This reduced internal friction, cut time spent debating “what actually happened”, and let leadership focus on decisions.
2. Evidence‑based view of data‑theft exposure
The organisation moved from speculation to a balanced, evidence‑based stance:
- Yes, there were high‑confidence attempts at exfiltration (rclone, staging, outbound connections).
- No, there was no evidence of a major data pack being successfully published or even advertised on Qilin’s leak site.
This clarity:
- Informed regulatory and customer notifications.
- Helped shape PR and communications around realistic, not hypothetical, impacts.
- Reduced the risk of over‑ or under‑reacting to the incident.
3. Faster, safer recovery of virtualised services
Because DFIR activities were designed to support rather than slow recovery:
- Critical workloads were rebuilt from known‑good baselines, rather than rushed mass restores of everything.
- Backdoors – including unauthorised remote‑access tools and malicious or compromised accounts – were identified during the investigation and removed as part of the rebuild.
- The business resumed operations more quickly and with greater confidence that attacker persistence mechanisms had been eradicated.

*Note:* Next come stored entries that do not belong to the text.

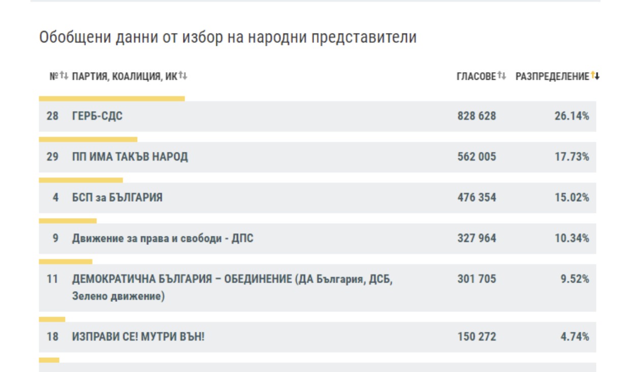Под чертата от 4% остава ВМРО с резултат от 3,65%.
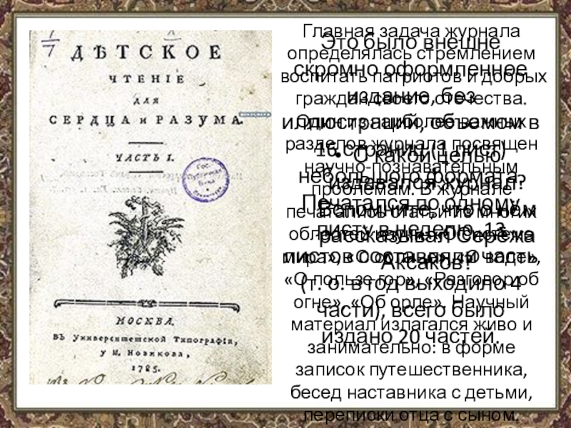 С какой целью издавался журнал? Вспомните, что о нём рассказывал Серёжа Аксаков?
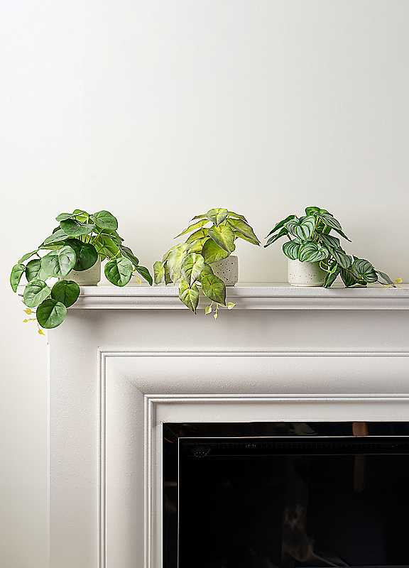 A set of 3 classic plants including Peperomia 'Watermelon' Argyreia, Pilea Peperomioides (Chinese Money Plant) and Pothos (Devil's Ivy). White speckled ceramic pots.Pot: CeramicPlant: Polyethylene (PE)Dimensions approx. 15H x 8W x 8D cmPot size approx. 7.5H x 8D cmPlant height approx. 16 cm
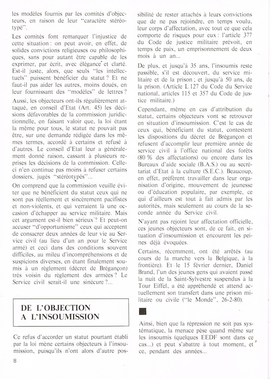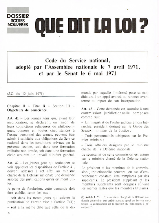 1980.04 : Routes Nouvelles évoque l’objection de conscience
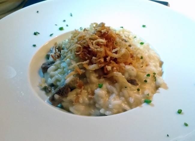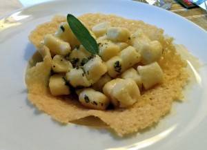De prato principal pedi um Nhoque com manteiga de sálvia na cestinha de parmesão (R$ 39), gostoso, correto, embora sem novidades. Mas confesso que fiquei de olho nos companheiros de mesa que pediram o Ceviche com crispy de batata doce (R$ 31). O visual era incrível, pois ele vem servido dentro de um meio coco fresco. A batata, como diz o nome do prato, não vem pedaçuda e sim em finas tiras crocantes. E aí, consumido o prato, a turma da mesa não resistiu e pediu para quebrar o coco, aproveitando para comer os pedaços. Houve quem pedisse também o Risoto de picanha com cebola crocante (R$ 45), também aprovado.
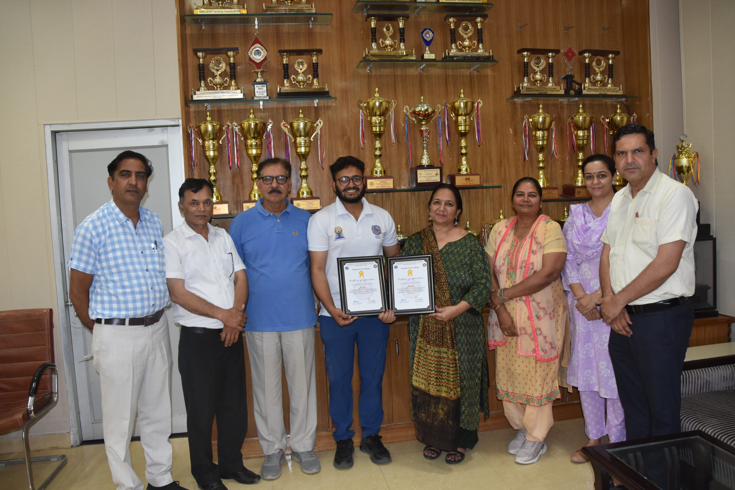 रोहतक। महर्षि दयानंद विश्वविद्यालय के 49वें स्थापना दिवस पर जाट कॉलेज के विद्यार्थी जतीन मलिक को राष्ट्रीय सेवा योजना के वर्ष 2021-22 के लिए स्टेट एनएसएस अवार्ड और यूनिवर्सिटी का सर्वश्रेष्ठ वालिंटियर्स नवाजे जाने पर जाट कॉलेज में खुशियां मनाई गई। प्राचार्या डॉ. शबनम राठी व एनएसएस से जुड़े विद्यार्थियों और शिक्षकों ने कॉलेज पहुंचने पर जतीन मलिक को शुभकामनाएं देते हुए उसके उज्ज्वल भविष्य की कामना की।
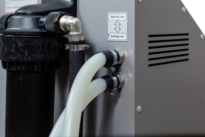 Установка РС1100 подключается к очищаемому компоненту системы охлаждения автомобиля с помощью двух шлангов («выход А/Б»). При необходимости используются адаптеры (приобретаются отдельно). Порядок подключения не имеет значения, т.к. направление потока задается оператором установки с помощью реверсивных кранов и может изменяться в любой момент времени, без выключения насоса. Поток жидкости можно контролировать визуально с помощью относительно прозрачных шлангов из кремнийорганической резины (силикон).
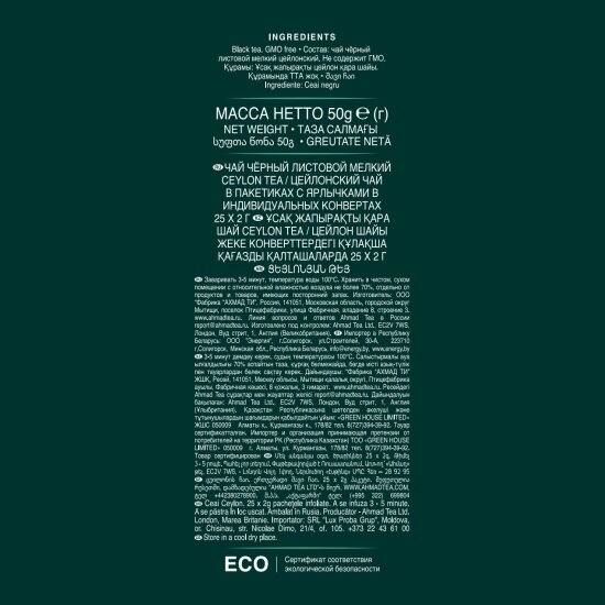 Чай Ahmad Ceylon 2г х 25 пакетиков с ярл. Россия
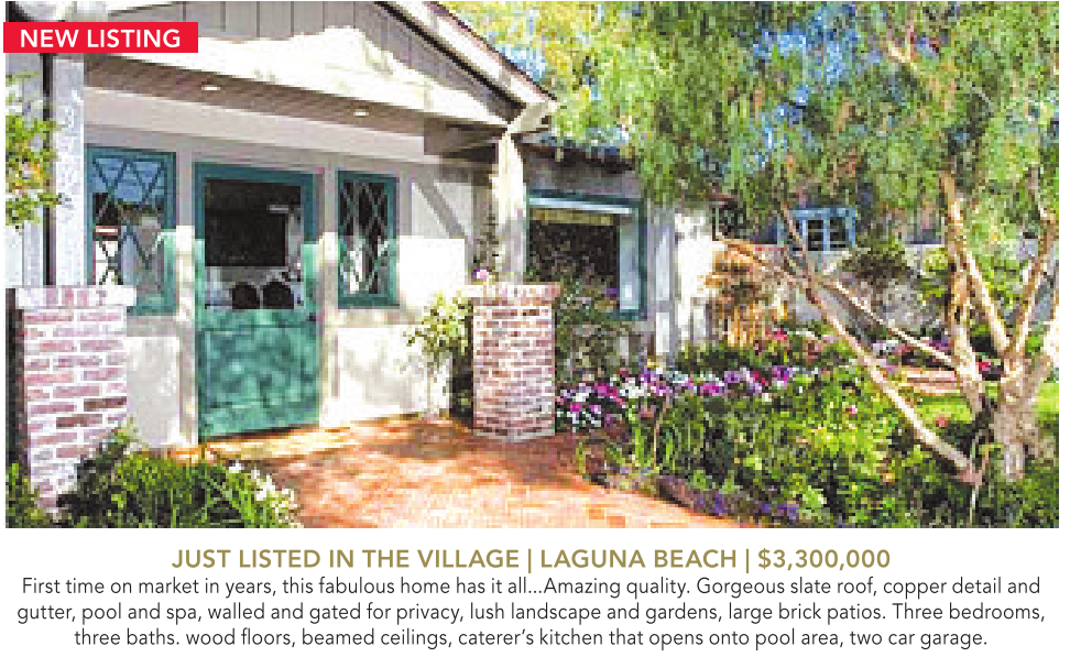 NEW LISTING JUST LISTED IN THE VILLAGE | LAGUNA BEACH | $3,300,000 First time on market inyears, this fabulous home has it all...Amazing quality. Gorgeous slate roof, copper detail and gutter, pool and spa, walled and gated for privacy, lush landscape and gardens, large brick patios. Three bedrooms, three baths. wood floors, beamed ceilings, caterer’s kitchen that opens onto pool area, two car garage. See also
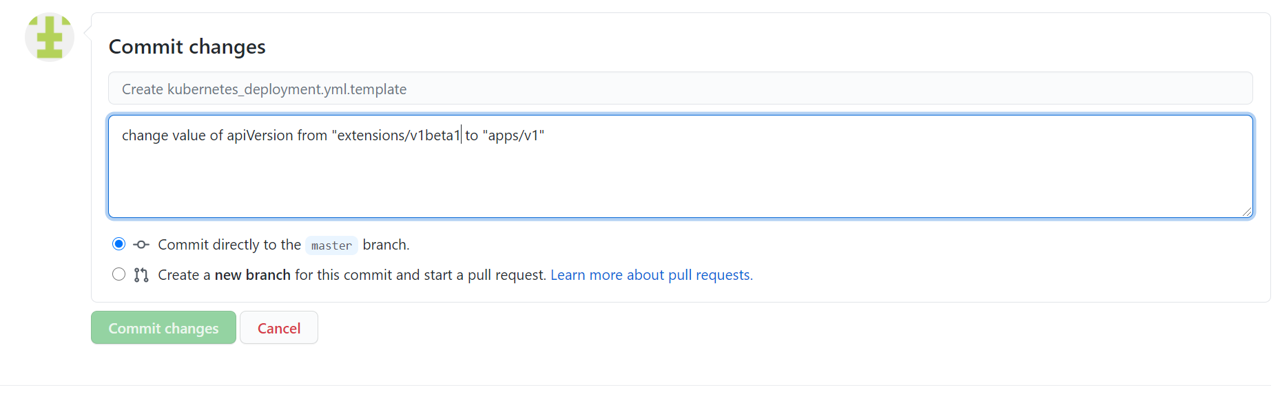 이는 매니페스트 파일에서 디플로이먼트 자원에 대해 선언한 API 버전 “extensions/v1beta1”이 현재 배포한 쿠버네티스 1.8에서는 실행되지 않기 때문에 정식 버전임을 의미하는 “apps/v1”로 변경했다. 하단의 코멘트 부분에 “change value of apiVersion from "extensions/v1beta1 to "apps/v1"라고 입력하고 “commit changes”를 클릭하여 소스 변경을 완료한다.

4. Real‑world validation of security investments
The engagement showed the client exactly where their security stack delivered value and where it was blind:
- EDR successfully blocked some Qilin payloads and a malicious loader DLL – evidence that security investments were not wasted.

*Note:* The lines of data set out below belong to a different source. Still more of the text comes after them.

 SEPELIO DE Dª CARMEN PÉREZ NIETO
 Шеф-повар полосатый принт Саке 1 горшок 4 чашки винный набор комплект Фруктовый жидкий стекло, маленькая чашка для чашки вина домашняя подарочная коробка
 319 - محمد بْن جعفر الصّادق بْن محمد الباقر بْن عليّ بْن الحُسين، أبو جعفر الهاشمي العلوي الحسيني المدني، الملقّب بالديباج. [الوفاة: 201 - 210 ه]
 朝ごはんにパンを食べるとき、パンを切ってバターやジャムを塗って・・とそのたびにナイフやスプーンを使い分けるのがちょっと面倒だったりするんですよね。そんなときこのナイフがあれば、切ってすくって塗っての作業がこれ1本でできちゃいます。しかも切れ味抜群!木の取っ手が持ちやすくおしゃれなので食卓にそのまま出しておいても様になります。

- At the same time, BYOVD methods, credential theft against backups and hypervisor‑level targeting revealed blind spots traditional endpoint‑centric security cannot easily see.
This turned the incident into a data‑driven input for future budgeting and architecture, rather than a vague justification for “spend more”.
5. Actionable hardening priorities for similar environments
From this case, the client walked away with a focused set of priorities:
- Extend monitoring and hardening to ESXi and other hypervisors, not just guest operating systems.
- Increase log retention and centralisation on firewalls and VPNs.
- Harden and monitor backup platforms and credentials, including salts, service accounts and management consoles.
- Rationalise and govern remote‑management and remote‑access tools so every path is authorised, monitored and revocable.
- Reduce reliance on a handful of powerful admin accounts via segregation of duties and least‑privilege.
These recommendations were specific to how this attacker operated, not a generic checklist.
FAQ: Hypervisor‑Level Ransomware & DFIR
Q1. What is a hypervisor‑level ransomware attack and why is it so disruptive?
A hypervisor‑level ransomware attack targets the virtualisation layer (e.g. VMware ESXi) rather than just individual guest servers. When hypervisors are encrypted or disabled, many virtual machines go down at once. That creates a multi‑system outage and can also cut off visibility from EDR agents that sit on those VMs, making both recovery and investigation harder.
Q2. Can DFIR still help if the hypervisors and many logs are encrypted or missing?
Yes. In this case, we combined EDR telemetry, surviving system artefacts, network device logs and carefully chosen backup restores to reconstruct the attacker’s activity. Even with gaps (e.g. missing firewall logs for earlier days), it was still possible to build a defensible timeline, attribute activity to Qilin tradecraft, and assess data‑theft risk. The key is rapid evidence preservation and a DFIR team that understands how to work around incomplete data.
Q3. How did Blackpanda assess whether data was exfiltrated?
We correlated:
- Host‑level evidence of rclone execution and supporting scripts.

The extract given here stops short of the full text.